# DataDoctor CLI 🩺
[](https://crates.io/crates/data-doctor-cli)
[](https://crates.io/crates/data-doctor-cli)
[](https://opensource.org/licenses/MIT)
**DataDoctor CLI** is your command-line companion for maintaining data health. It brings the power of the DataDoctor engine directly to your terminal, allowing you to validate, analyze, and repair JSON and CSV files instantly.
---
## 🚀 Installation
### Option 1: Install from Crates.io (Recommended)
If you have Rust installed, this is the easiest way:
```bash
cargo install data-doctor-cli
```
*This installs the `data-doctor` binary to your path.*
### Option 2: Build from Source
```bash
git clone https://github.com/jeevanms003/data-doctor.git
cd data-doctor
cargo install --path cli
```
---
## 🎮 How It Works
DataDoctor provides three primary modes of operation, designed for different workflows:
### 1. `validate` (The Checkup)
**Best for:** CI/CD pipelines, pre-commit hooks, or just checking file integrity.
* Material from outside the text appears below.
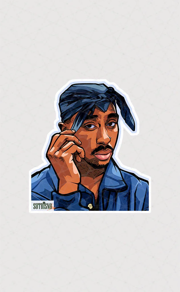 استیکر 2Pac همراه با لباس و دستمال سر آبی ، را میتوانید در سایز های مختلف و 3 مدل کاغذی – پارچه ای و ژله ای از پچول خریداری کنید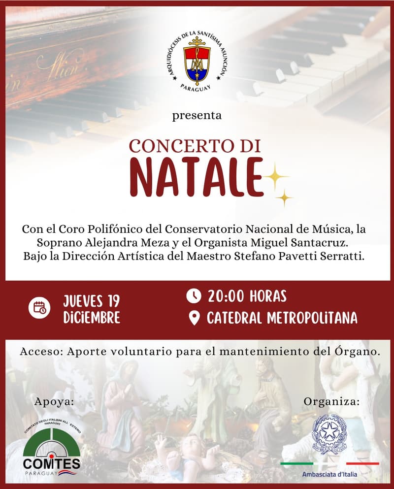 La Embajada de Italia en Paraguay y el Arzobispado de la Santísima Asunción invitan a la edición 2024 del tradicional Concerto Di Natale, un evento que promete cautivar al público con un repertorio sacro, operístico y los villancicos más representativos de Italia y Paraguay. La cita es el próximo jueves 19 de diciembre a las 20:00 horas, en la Catedral Metropolitana de Asunción.

This command scans your file and reports issues without modifying anything. It returns a non-zero exit code if errors are found, making it perfect for automated scripts.
```bash
data-doctor validate users.csv
```
### 2. `fix` (The Surgery)
**Best for:** Cleaning messy data dumps, fixing "broken" JSON from APIs.
This command actively repairs the file and saves the clean version to a new output path. It applies all available auto-fix strategies (e.g., adding missing quotes, padding columns).
```bash
data-doctor fix broken_data.json --out clean_data.json
```
### 3. `doctor` (The Full Treatment)
**Best for:** Interactive analysis and reporting.
This runs a validation pass, then an auto-fix pass, and generates a comprehensive report comparing the "before" and "after" states.
```bash
data-doctor doctor input.csv --out fixed.csv
```
---
## 📋 Command Reference
### `validate`
```bash
data-doctor validate <INPUT> [OPTIONS]
```
**Options:**
- `--format <json|csv>`: Force a specific file format (overrides extension detection).
- `--report-json`: Print a machine-readable JSON object instead of the human-readable report.
- `--schema <FILE>`: Validate against a custom schema definition.
### `fix`
```bash
data-doctor fix <INPUT> --out <OUTPUT> [OPTIONS]
```
**Options:**
- `--out <FILE>`: (Required) Where to save the fixed file.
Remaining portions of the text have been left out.